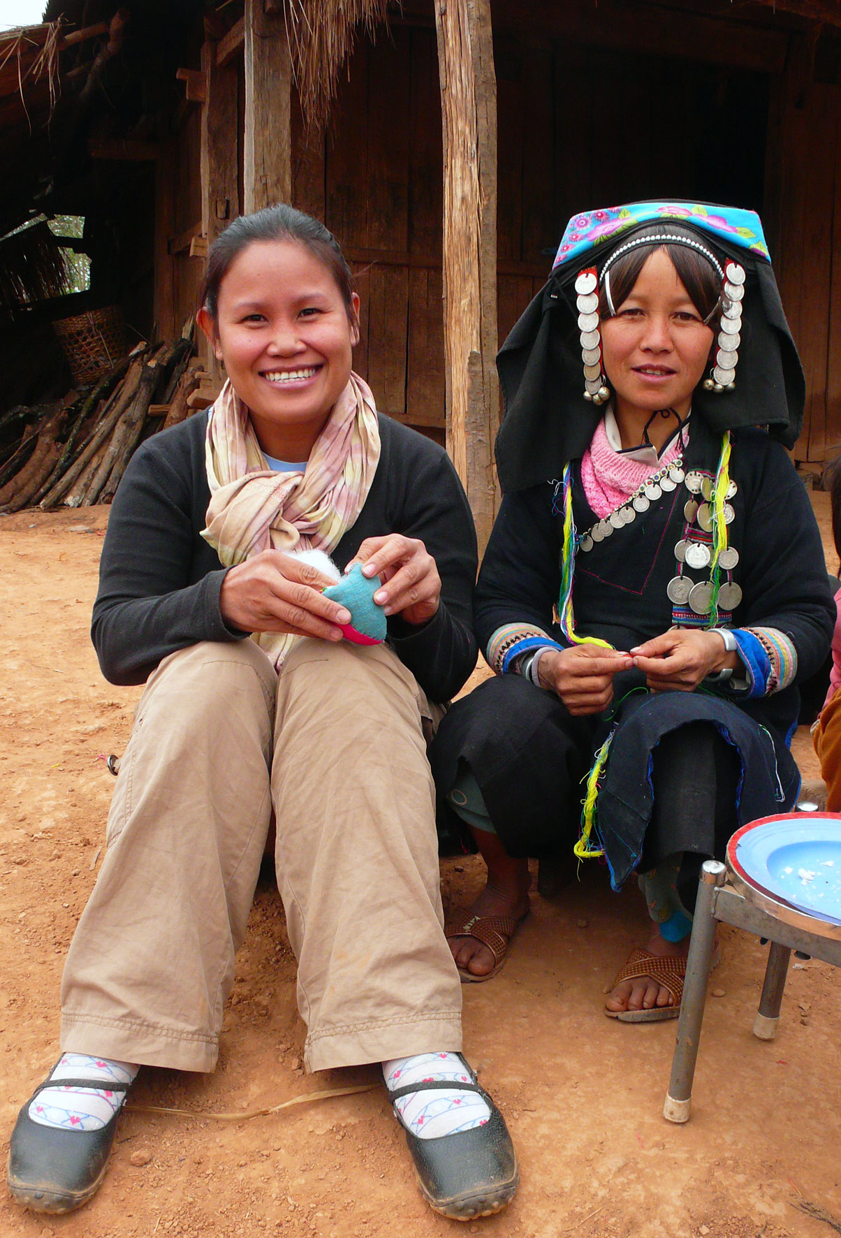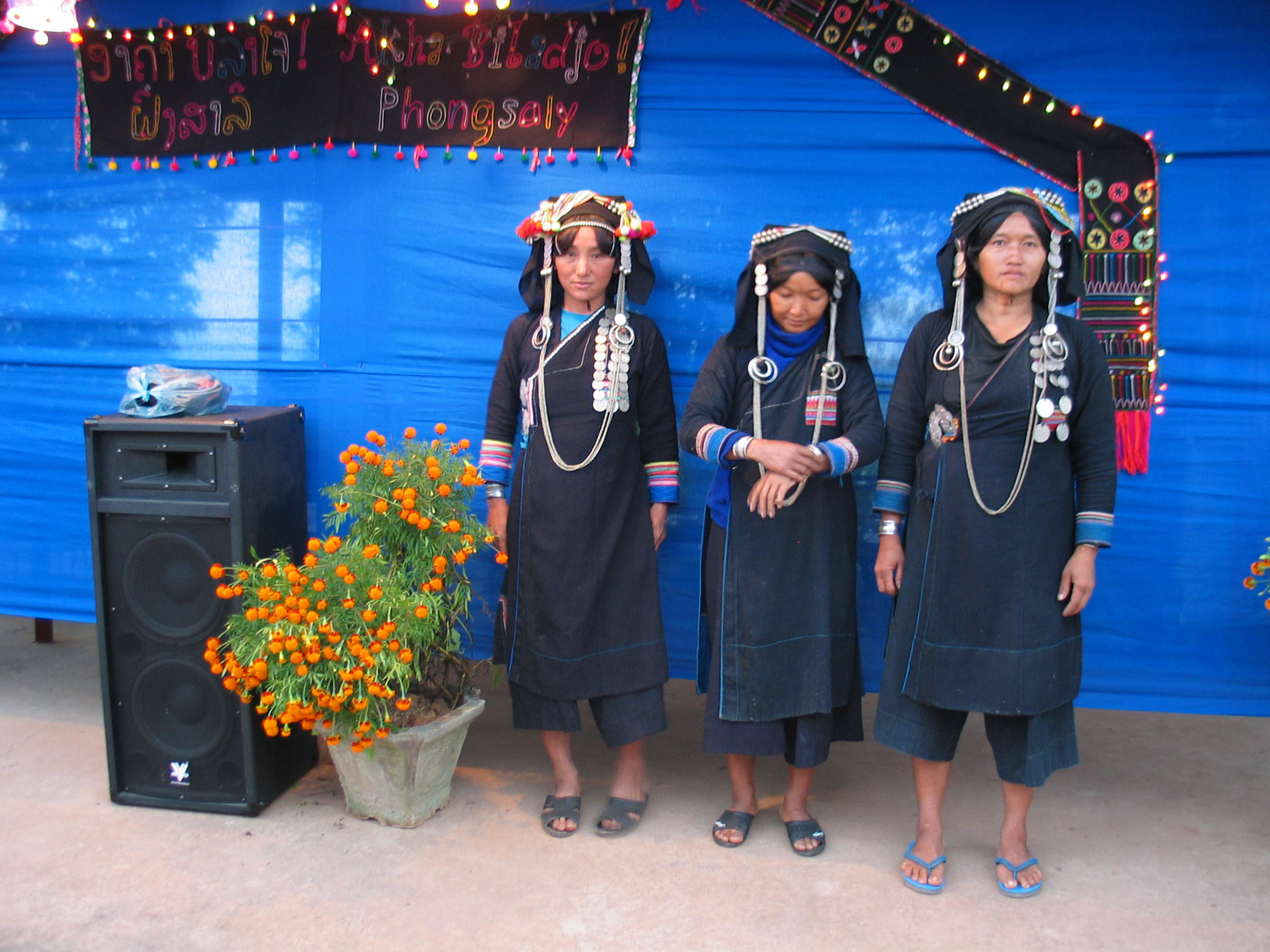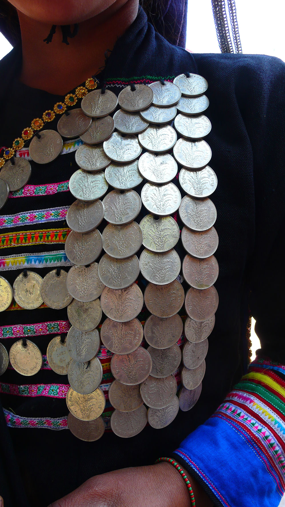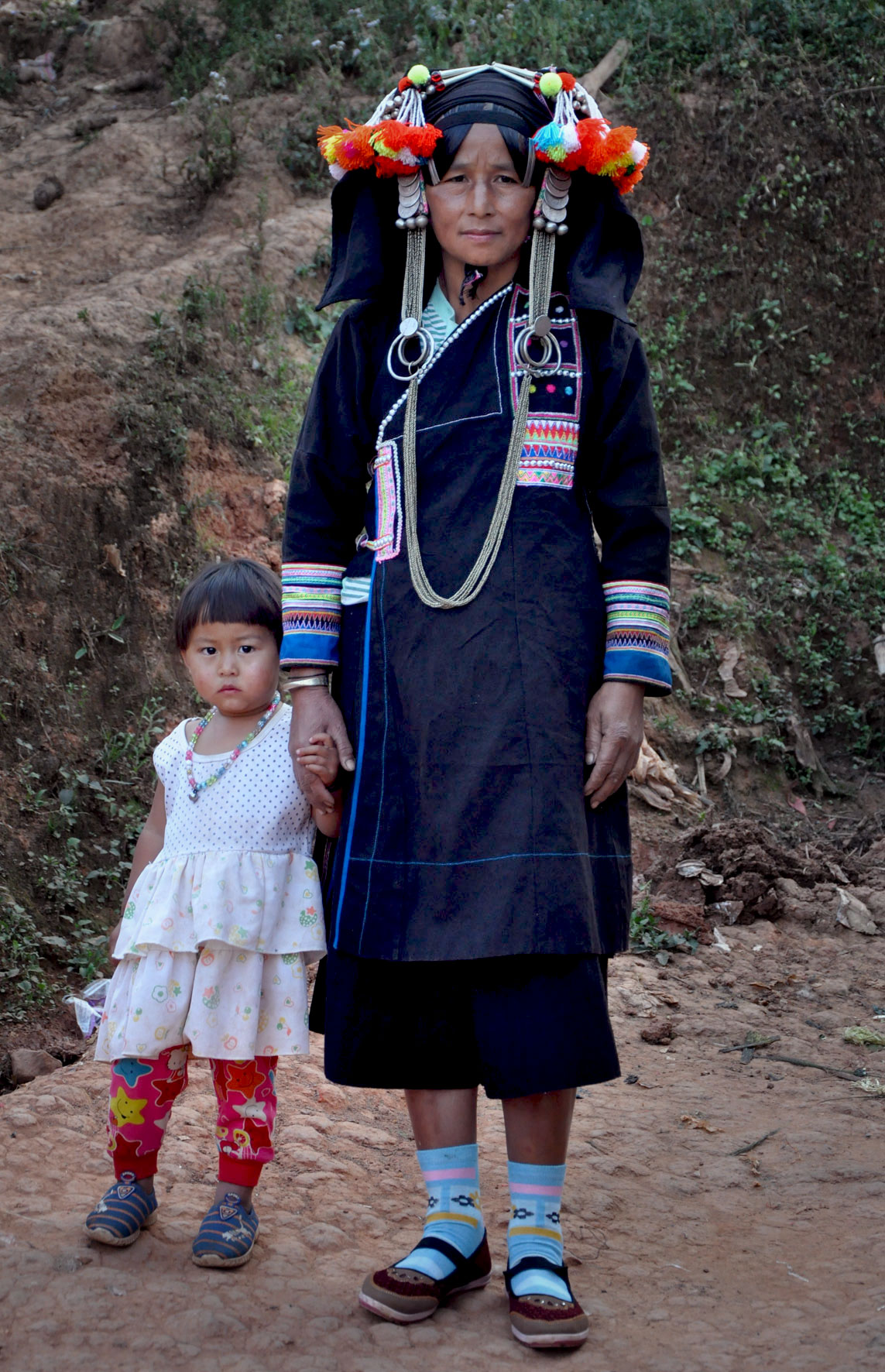 Les femmes Akha se reconnaissent facilement à leur costume. Leurs longues tuniques noires sont décorées de broderies, perles, pièces de monnaie et de différentes babioles.
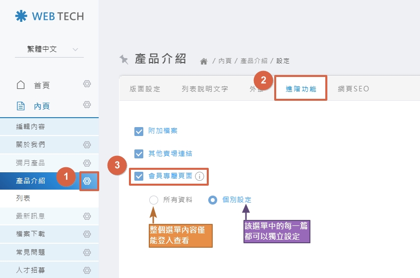 「個別設定」:可以獨立設定不同商品/頁面是否要限定會員觀看。
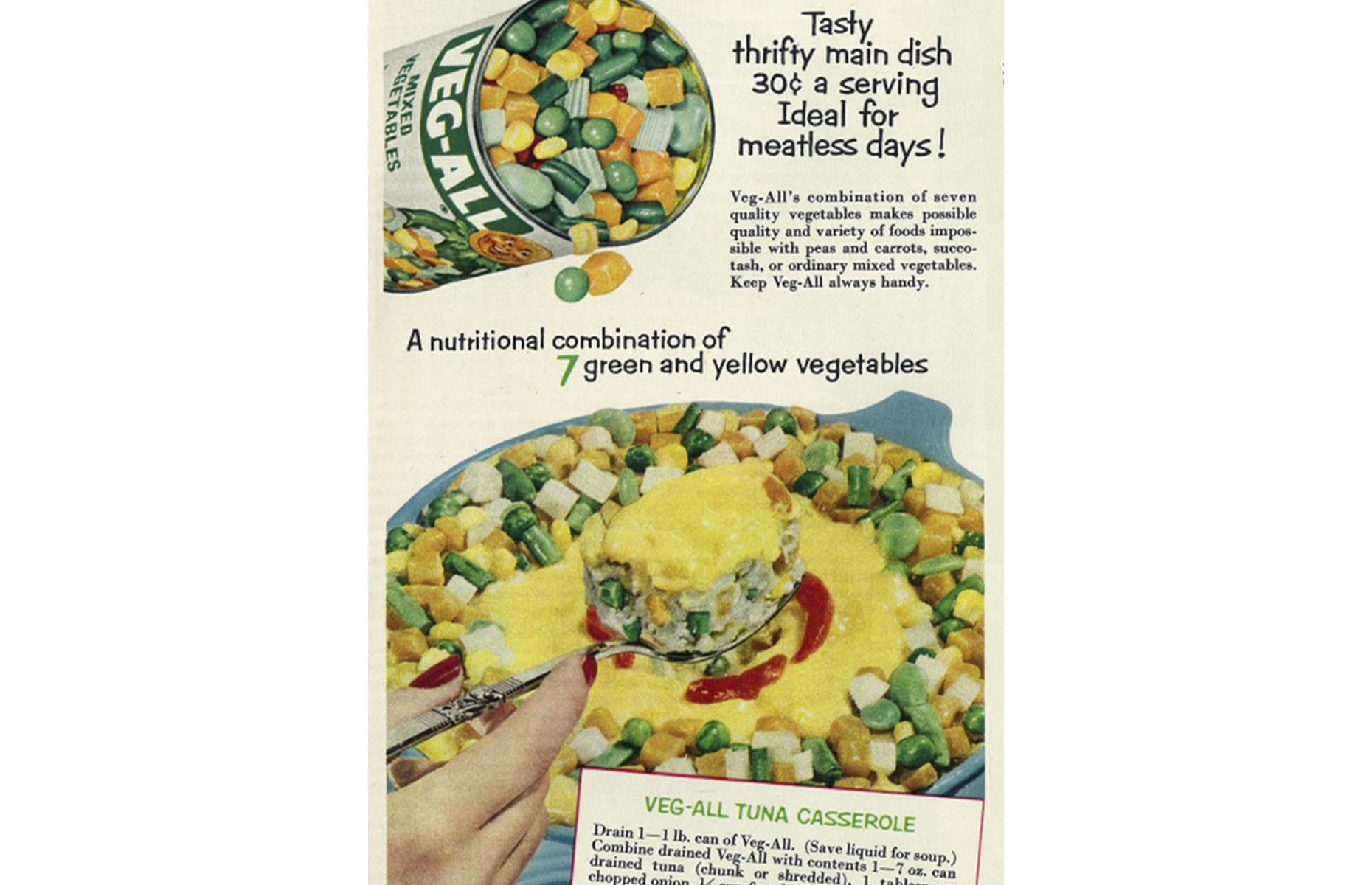 Tuna noodle casserole menjadi sangat populer pada tahun 1950-an, karena merupakan cara yang murah dan mudah untuk memberi makan keluarga. Namun, Veg-All Tuna Casserole ini, yang dibuat dengan sayuran kaleng campuran, tuna, bawang bombai cincang, saus Worcestershire, roti panggang dan keju, membawa hal tersebut terlalu jauh. Diterbitkan sebagai ide resep pada tahun 1953 oleh merek makanan klasik Veg-All, resep ini tidak mengandung pasta sama sekali – dan memiliki saus tomat yang disemprotkan di atasnya.
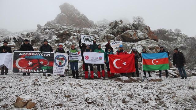 Alpinistlər dağın zirvəsinə Türkiyə və Azərbaycan bayraqlarını və "Xocalı şəhidlərini rəhmətlə və hörmətlə anırıq" pankartını sancıblar.
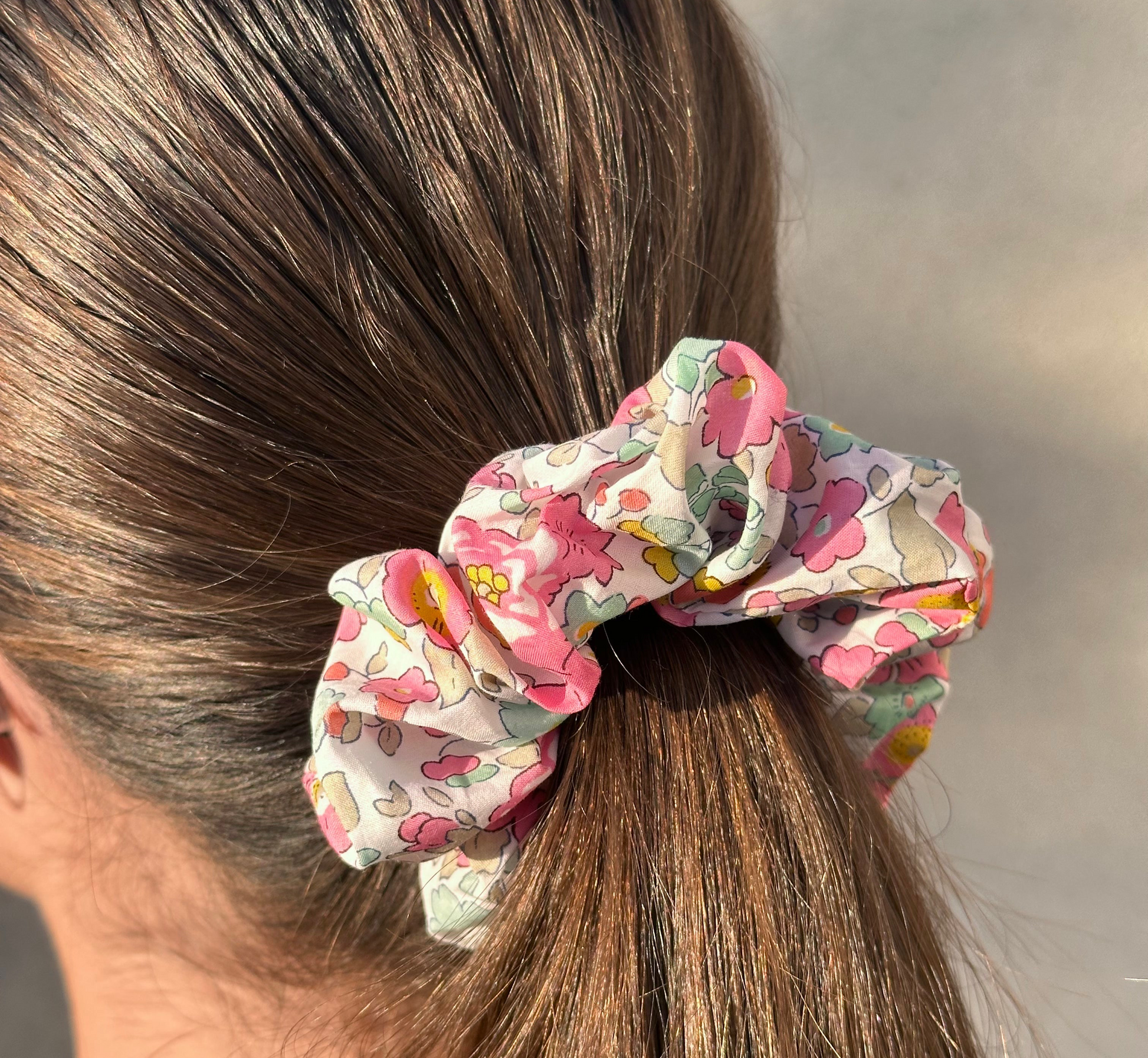 Illuminez votre coiffure avec ce chouchou en tissu fleuri soigneusement sélectionné qui révèle des motifs délicats rose et vert évoquant la douceur et les beaux jours. Parfait pour sublimer une queue-de-cheval, un chignon flou ou simplement habiller le poignet.
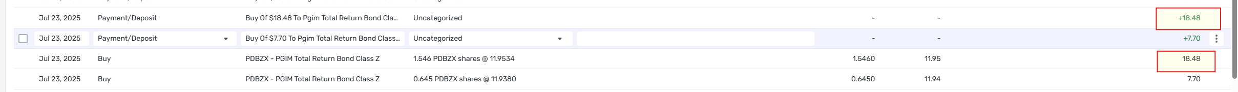 I initially thought that because of the information on the Payee field "Sell Of $0.12 To Pgim Total Return Bond Class Z." that this was the same as the Buy transaction.
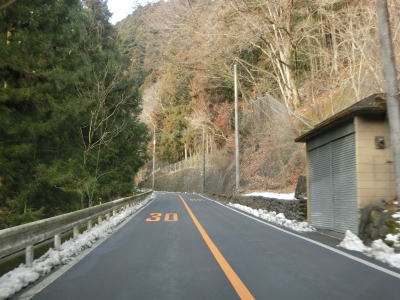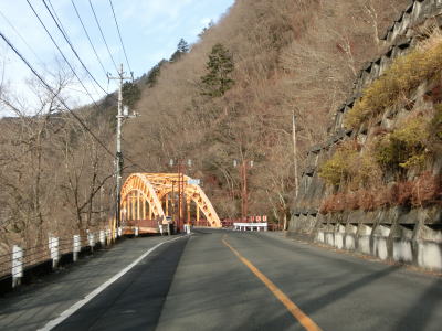 | 奥多摩湖の北岸を走っていると麦山橋を渡る。急なカーブこそないものの小刻みなカーブが連続しており見通しはあまり良くない。山間部ではあるが観光地として有名なため、休日、特に紅葉期は多くの観光客で賑わっている。 | ||
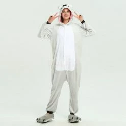 The Koala is Australia’s national treasure and a rare and precious primitive arboreal in Australia. Koalas typically inhabit open eucalypt woodlands, and the leaves of these trees make up most of their diet. The Black Koala Kigurumi fabric is a soft and comfortable flannel, high quality craftsmanship, and it is very warm to wear. The sleeves are black on both sides with pockets for warm hands, and the zipper for the hips is convenient for life.

------------------------------------------------------------

Output the lines above in full and exactly as given, omitting any pictures.

 Les femmes Akha se reconnaissent facilement à leur costume. Leurs longues tuniques noires sont décorées de broderies, perles, pièces de monnaie et de différentes babioles.
 「個別設定」:可以獨立設定不同商品/頁面是否要限定會員觀看。
 Tuna noodle casserole menjadi sangat populer pada tahun 1950-an, karena merupakan cara yang murah dan mudah untuk memberi makan keluarga. Namun, Veg-All Tuna Casserole ini, yang dibuat dengan sayuran kaleng campuran, tuna, bawang bombai cincang, saus Worcestershire, roti panggang dan keju, membawa hal tersebut terlalu jauh. Diterbitkan sebagai ide resep pada tahun 1953 oleh merek makanan klasik Veg-All, resep ini tidak mengandung pasta sama sekali – dan memiliki saus tomat yang disemprotkan di atasnya.
 Alpinistlər dağın zirvəsinə Türkiyə və Azərbaycan bayraqlarını və "Xocalı şəhidlərini rəhmətlə və hörmətlə anırıq" pankartını sancıblar.
 Illuminez votre coiffure avec ce chouchou en tissu fleuri soigneusement sélectionné qui révèle des motifs délicats rose et vert évoquant la douceur et les beaux jours. Parfait pour sublimer une queue-de-cheval, un chignon flou ou simplement habiller le poignet.
 I initially thought that because of the information on the Payee field "Sell Of $0.12 To Pgim Total Return Bond Class Z." that this was the same as the Buy transaction.
 | 奥多摩湖の北岸を走っていると麦山橋を渡る。急なカーブこそないものの小刻みなカーブが連続しており見通しはあまり良くない。山間部ではあるが観光地として有名なため、休日、特に紅葉期は多くの観光客で賑わっている。 | ||
 The Koala is Australia’s national treasure and a rare and precious primitive arboreal in Australia. Koalas typically inhabit open eucalypt woodlands, and the leaves of these trees make up most of their diet. The Black Koala Kigurumi fabric is a soft and comfortable flannel, high quality craftsmanship, and it is very warm to wear. The sleeves are black on both sides with pockets for warm hands, and the zipper for the hips is convenient for life.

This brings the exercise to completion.